The only primary highway serving Capon Bridge is U.S. Route 50. From Capon Bridge, US 50 heads eastward to Winchester and Interstate 81, while to the west, it travels through Romney to a junction with U.S. Route 220.

==Demographics==

Historical population
| Census | Pop. | Note | %± |
| 1910 | 213 |  | — |
| 1920 | 157 |  | −26.3% |
| 1930 | 192 |  | 22.3% |
| 1940 | 201 |  | 4.7% |
| 1950 | 223 |  | 10.9% |
| 1960 | 198 |  | −11.2% |
| 1970 | 211 |  | 6.6% |
| 1980 | 191 |  | −9.5% |
| 1990 | 192 |  | 0.5% |
| 2000 | 200 |  | 4.2% |
| 2010 | 355 |  | 77.5% |
| 2020 | 420 |  | 18.3% |
| 2021 (est.) | 425 | Increase | 1.2% |
U.S. Decennial Census

===2010 census===
As of the census of 2010, there were 355 people, 156 households, and 96 families living in the town. The population density was 529.9 PD/sqmi. There were 180 housing units at an average density of 268.7 /sqmi. The racial makeup of the town was 96.9% White, 1.7% African American, 0.6% from other races, and 0.8% from two or more races. Hispanic or Latino of any race were 3.1% of the population.

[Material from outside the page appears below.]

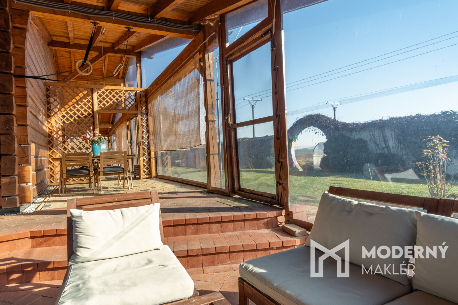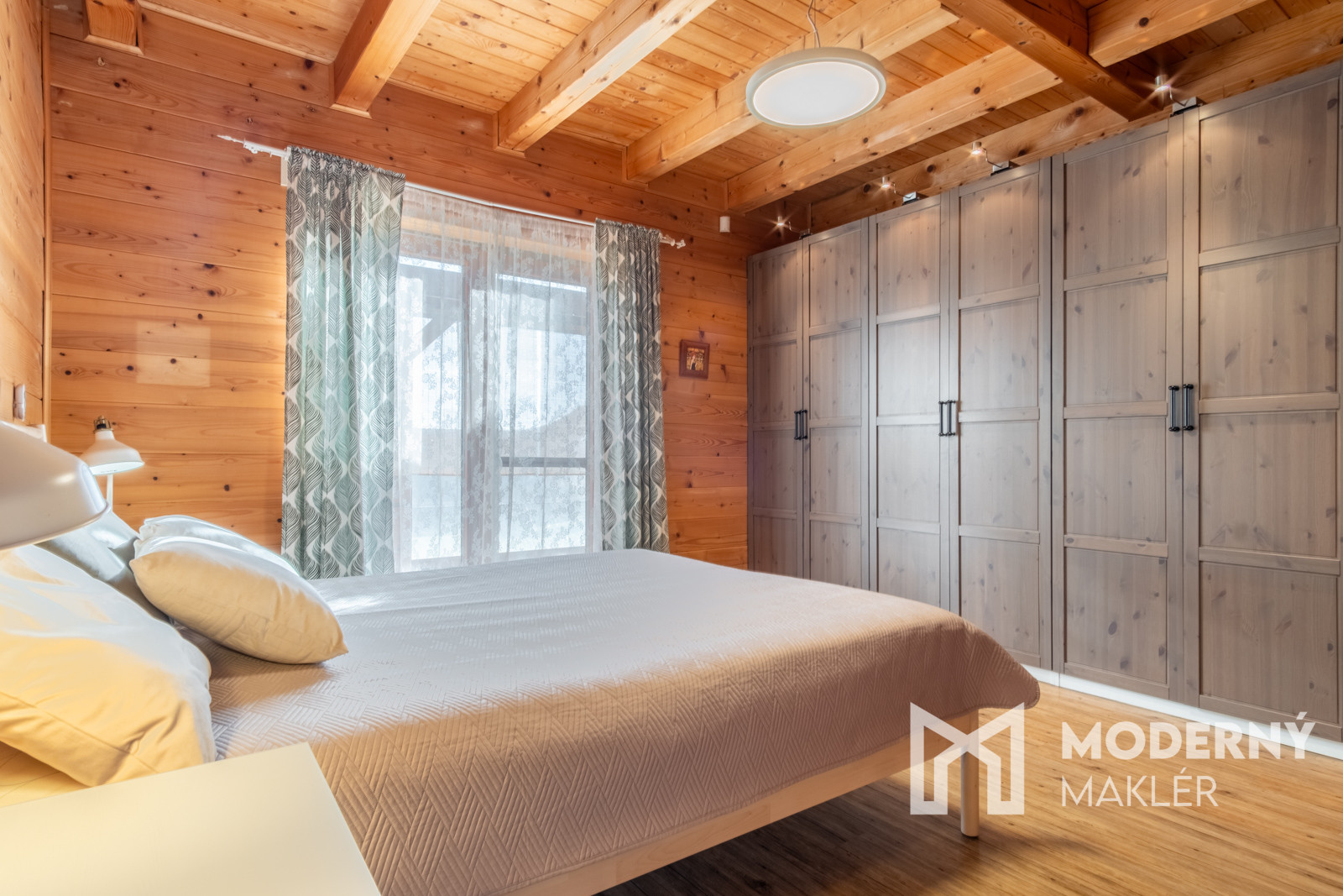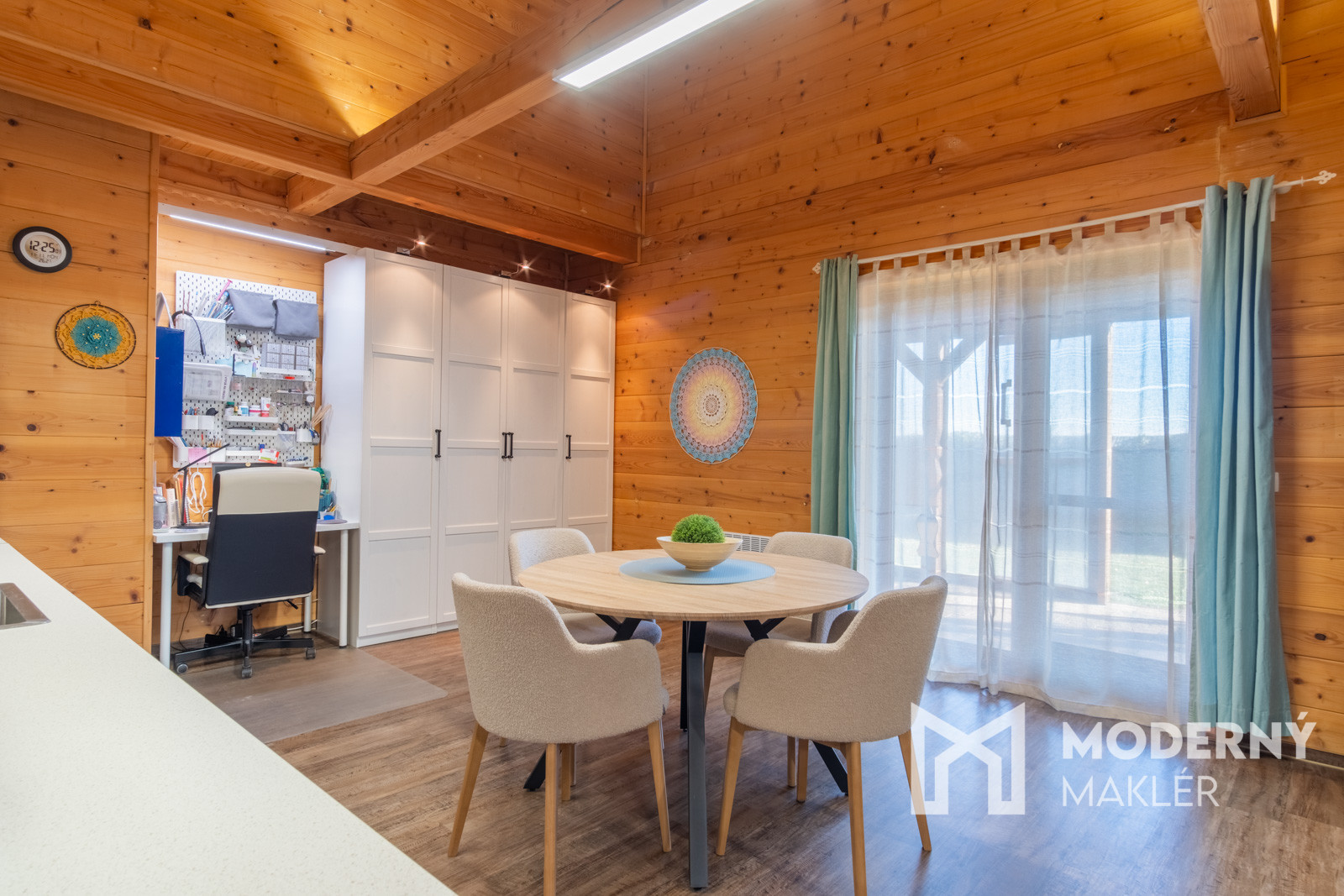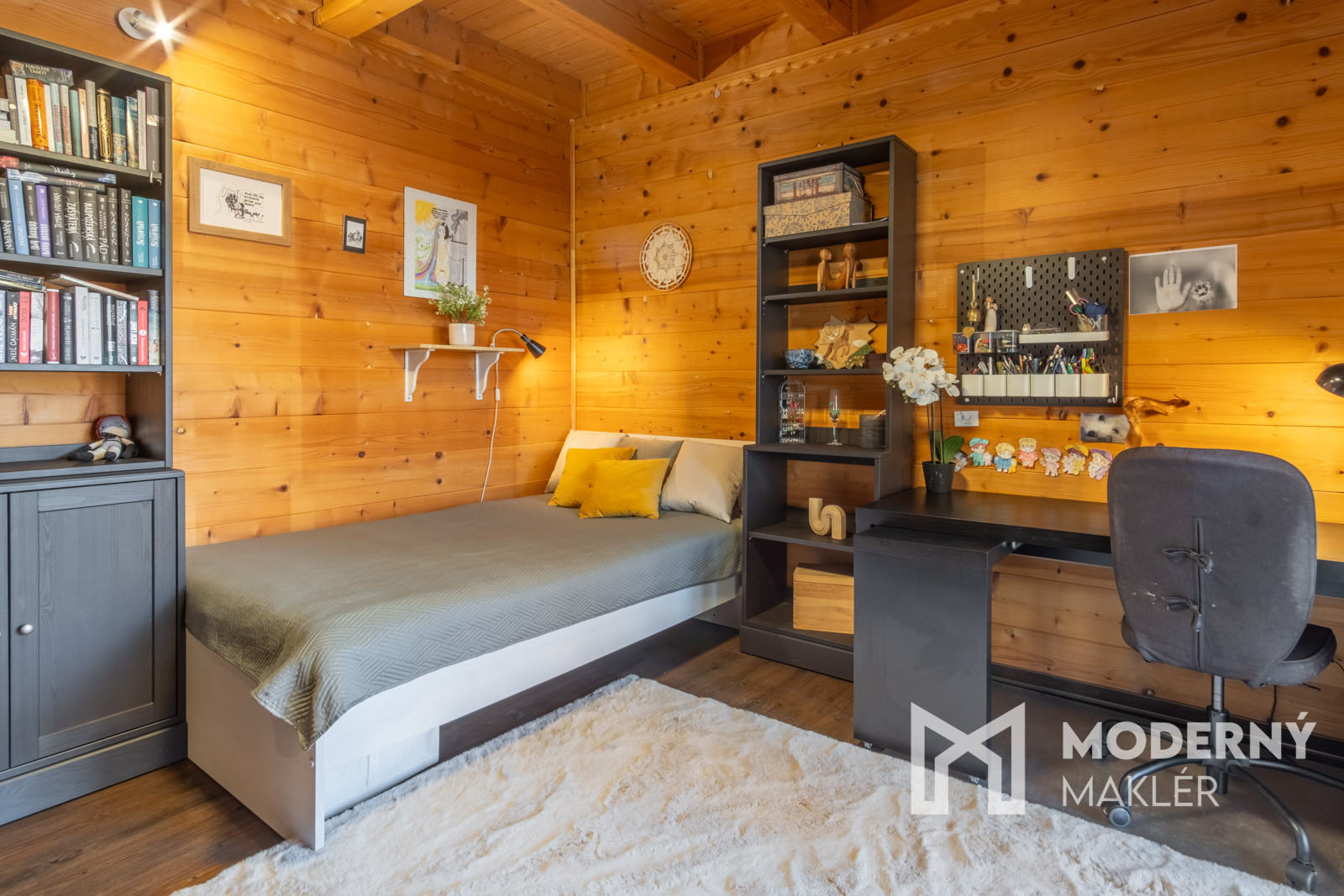 Dom bol navrhnutý s dôrazom na maximálny komfort, funkčnosť a súkromie pre všetkých členov rodiny. Už pri vstupe vás privíta priestranné zádverie, ktoré plynule prechádza do svetlej obývacej izby spojenej s kuchyňou a jedálňou. Tento otvorený priestor pôsobí vzdušne a útulne zároveň a jeho dominantu tvorí krbová pec, ktorá v chladnejších mesiacoch dotvára príjemnú atmosféru domova. Dom disponuje štyrmi spálňami, pričom dve z nich majú vlastnú kúpeľňu. Samostatne sa v dome nachádza aj toaleta pre hostí, špajza a hlavná kúpeľňa s práčovňou. Pre dokonalý oddych a regeneráciu slúžia dve sauny – fínska a infrasauna, zatiaľ čo zimná záhrada poskytuje pokojné útočisko na relax počas celého roka.

There were 156 households, of which 33.3% had children under the age of 18 living with them, 41.0% were married couples living together, 12.8% had a female householder with no husband present, 7.7% had a male householder with no wife present, and 38.5% were non-families. 32.7% of all households were made up of individuals, and 12.8% had someone living alone who was 65 years of age or older. The average household size was 2.28 and the average family size was 2.89.

The median age in the town was 33.9 years. 27% of residents were under the age of 18; 6% were between the ages of 18 and 24; 31% were from 25 to 44; 20.8% were from 45 to 64; and 15.2% were 65 years of age or older. The gender makeup of the town was 51.5% male and 48.5% female.

===2000 census===
As of the census of 2000, there were 200 people, 91 households, and 56 families living in the town. The population density was 354.1 PD/sqmi. There were 110 housing units at an average density of 194.8 /sqmi. The racial makeup of the town was 98.50% White, 1.00% African American, and 0.50% from two or more races.

There were 91 households, out of which 25.3% had children under the age of 18 living with them, 44.0% were married couples living together, 13.2% had a female householder with no husband present, and 37.4% were non-families. 33.0% of all households were made up of individuals, and 13.2% had someone living alone who was 65 years of age or older. The average household size was 2.20 and the average family size was 2.65.

In the town, the population was spread out, with 22.0% under the age of 18, 10.0% from 18 to 24, 26.0% from 25 to 44, 22.5% from 45 to 64, and 19.5% who were 65 years of age or older. The median age was 38 years. For every 100 females, there were 94.2 males. For every 100 females age 18 and over, there were 79.3 males.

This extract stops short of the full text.